*** Opening Provided data ***

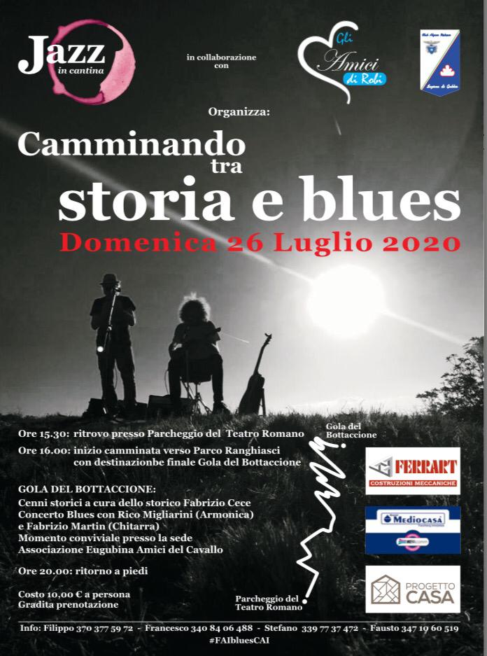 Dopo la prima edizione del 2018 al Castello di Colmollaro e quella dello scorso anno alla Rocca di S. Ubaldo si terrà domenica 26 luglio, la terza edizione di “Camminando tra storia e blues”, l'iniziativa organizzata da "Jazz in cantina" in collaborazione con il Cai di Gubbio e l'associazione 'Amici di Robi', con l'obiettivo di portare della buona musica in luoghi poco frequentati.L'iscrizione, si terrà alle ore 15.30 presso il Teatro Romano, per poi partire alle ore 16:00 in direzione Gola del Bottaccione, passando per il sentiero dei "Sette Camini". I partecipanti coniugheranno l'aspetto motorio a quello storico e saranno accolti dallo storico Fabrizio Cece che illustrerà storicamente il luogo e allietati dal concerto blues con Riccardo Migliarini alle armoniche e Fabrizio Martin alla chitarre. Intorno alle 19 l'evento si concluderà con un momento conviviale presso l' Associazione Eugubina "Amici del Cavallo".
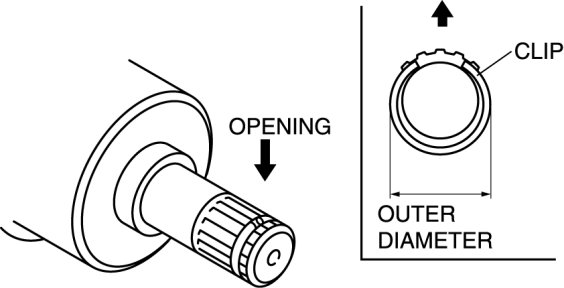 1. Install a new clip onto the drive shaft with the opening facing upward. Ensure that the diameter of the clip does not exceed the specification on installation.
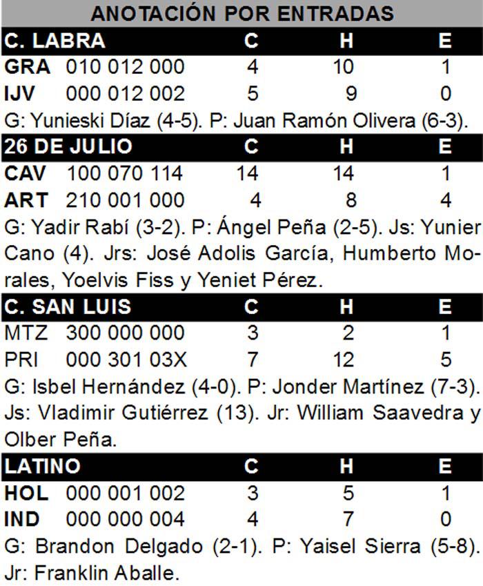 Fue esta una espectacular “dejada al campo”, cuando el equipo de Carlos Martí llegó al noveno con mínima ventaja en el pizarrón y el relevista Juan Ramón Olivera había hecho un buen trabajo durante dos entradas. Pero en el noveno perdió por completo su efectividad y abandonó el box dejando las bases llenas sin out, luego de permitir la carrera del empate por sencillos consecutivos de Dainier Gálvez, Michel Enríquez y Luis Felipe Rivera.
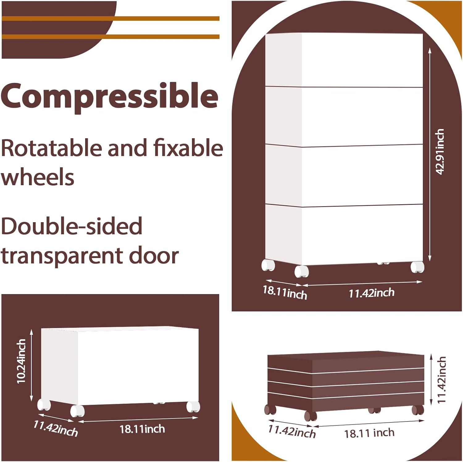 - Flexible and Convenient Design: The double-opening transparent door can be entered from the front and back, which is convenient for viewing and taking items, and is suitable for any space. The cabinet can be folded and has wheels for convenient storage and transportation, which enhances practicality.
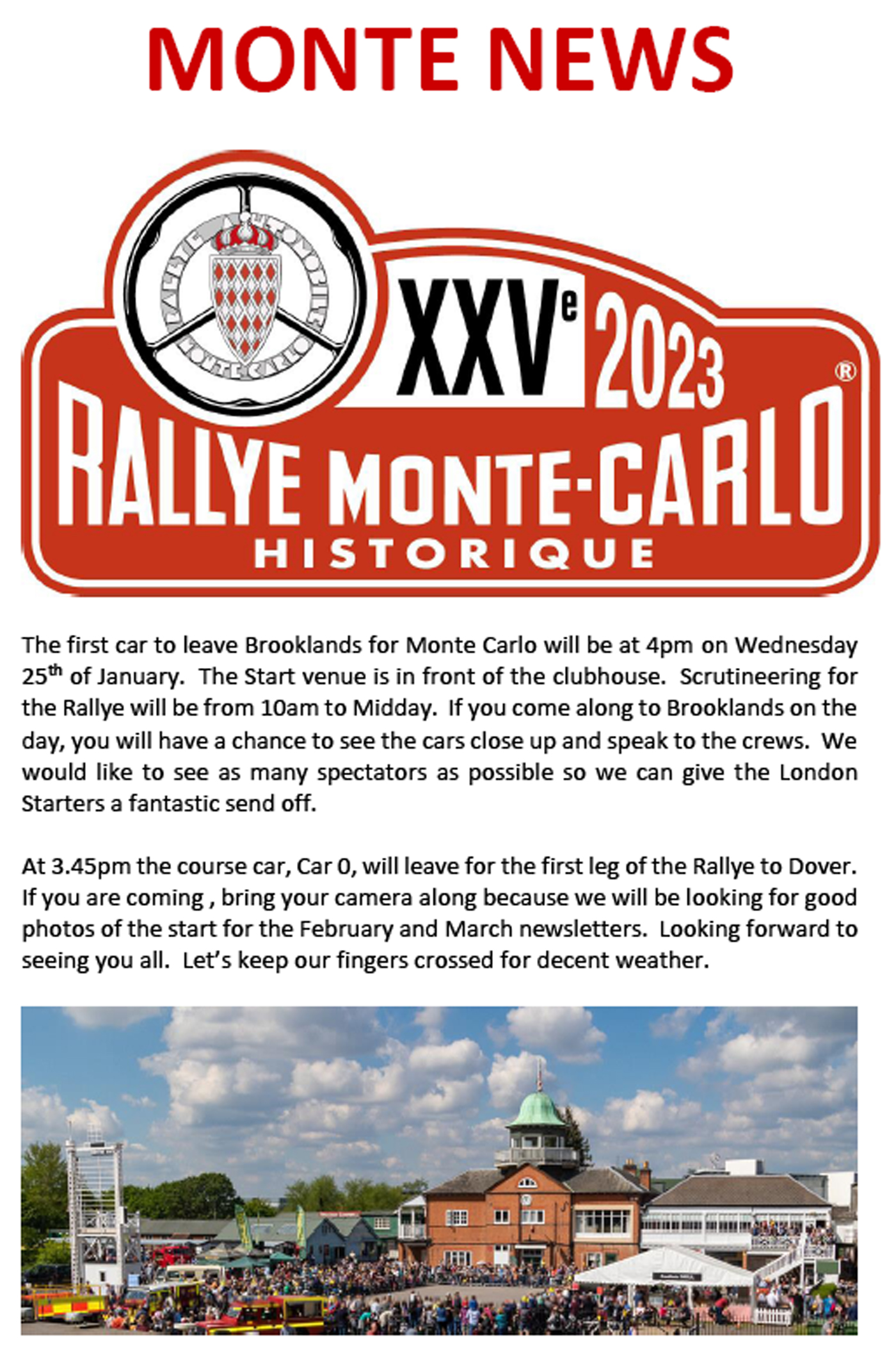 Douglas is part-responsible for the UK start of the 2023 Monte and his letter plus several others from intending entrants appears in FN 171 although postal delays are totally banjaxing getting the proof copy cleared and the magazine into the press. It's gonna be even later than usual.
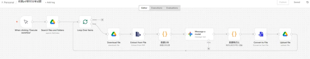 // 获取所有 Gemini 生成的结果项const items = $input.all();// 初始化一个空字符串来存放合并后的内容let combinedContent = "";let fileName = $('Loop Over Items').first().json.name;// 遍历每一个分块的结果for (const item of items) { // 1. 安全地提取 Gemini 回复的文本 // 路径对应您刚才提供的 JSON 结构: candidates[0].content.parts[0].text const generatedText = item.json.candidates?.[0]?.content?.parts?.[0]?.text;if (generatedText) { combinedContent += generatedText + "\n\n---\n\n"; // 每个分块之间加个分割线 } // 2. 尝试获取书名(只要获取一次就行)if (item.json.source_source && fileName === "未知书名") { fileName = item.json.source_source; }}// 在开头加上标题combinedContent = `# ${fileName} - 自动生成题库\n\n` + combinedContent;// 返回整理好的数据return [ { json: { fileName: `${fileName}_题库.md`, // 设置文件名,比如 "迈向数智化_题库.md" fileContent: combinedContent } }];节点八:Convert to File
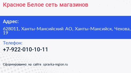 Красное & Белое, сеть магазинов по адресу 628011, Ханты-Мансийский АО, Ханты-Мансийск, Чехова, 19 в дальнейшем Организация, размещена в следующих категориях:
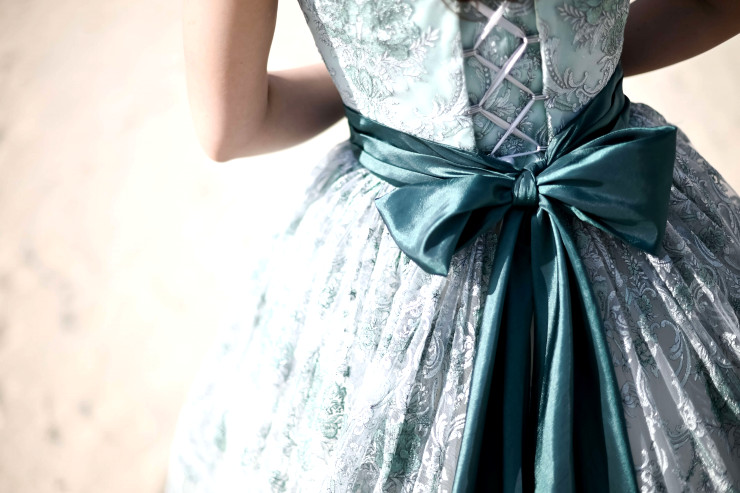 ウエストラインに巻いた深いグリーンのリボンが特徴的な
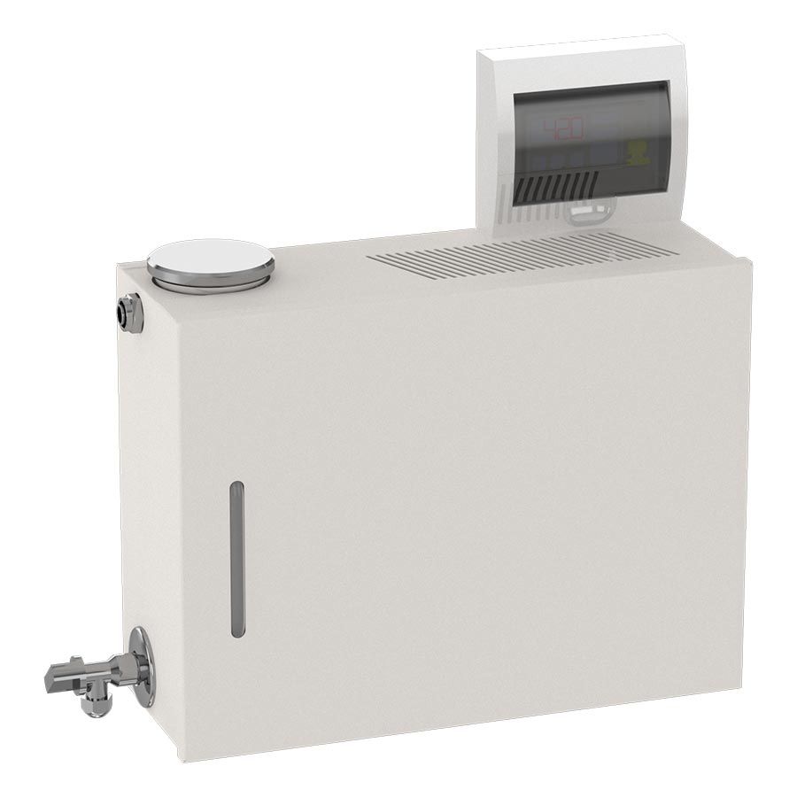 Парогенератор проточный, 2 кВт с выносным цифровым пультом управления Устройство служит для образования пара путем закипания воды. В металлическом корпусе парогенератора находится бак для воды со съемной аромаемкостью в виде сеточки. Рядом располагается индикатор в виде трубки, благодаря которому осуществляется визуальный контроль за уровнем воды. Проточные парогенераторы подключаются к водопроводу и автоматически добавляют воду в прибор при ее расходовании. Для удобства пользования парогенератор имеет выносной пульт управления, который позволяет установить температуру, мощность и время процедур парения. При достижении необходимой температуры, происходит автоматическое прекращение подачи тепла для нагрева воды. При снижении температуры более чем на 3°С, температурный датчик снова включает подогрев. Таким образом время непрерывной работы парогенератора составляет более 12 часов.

*** Closing Provided data ***

§ Exercise objective:
From the line containing "ウエストラインに巻いた深いグリーンのリボンが特徴的な" to the last line of the entries, output every line exactly as written, but leave out the pictures.

§ Answer box:
 ウエストラインに巻いた深いグリーンのリボンが特徴的な
 Парогенератор проточный, 2 кВт с выносным цифровым пультом управления Устройство служит для образования пара путем закипания воды. В металлическом корпусе парогенератора находится бак для воды со съемной аромаемкостью в виде сеточки. Рядом располагается индикатор в виде трубки, благодаря которому осуществляется визуальный контроль за уровнем воды. Проточные парогенераторы подключаются к водопроводу и автоматически добавляют воду в прибор при ее расходовании. Для удобства пользования парогенератор имеет выносной пульт управления, который позволяет установить температуру, мощность и время процедур парения. При достижении необходимой температуры, происходит автоматическое прекращение подачи тепла для нагрева воды. При снижении температуры более чем на 3°С, температурный датчик снова включает подогрев. Таким образом время непрерывной работы парогенератора составляет более 12 часов.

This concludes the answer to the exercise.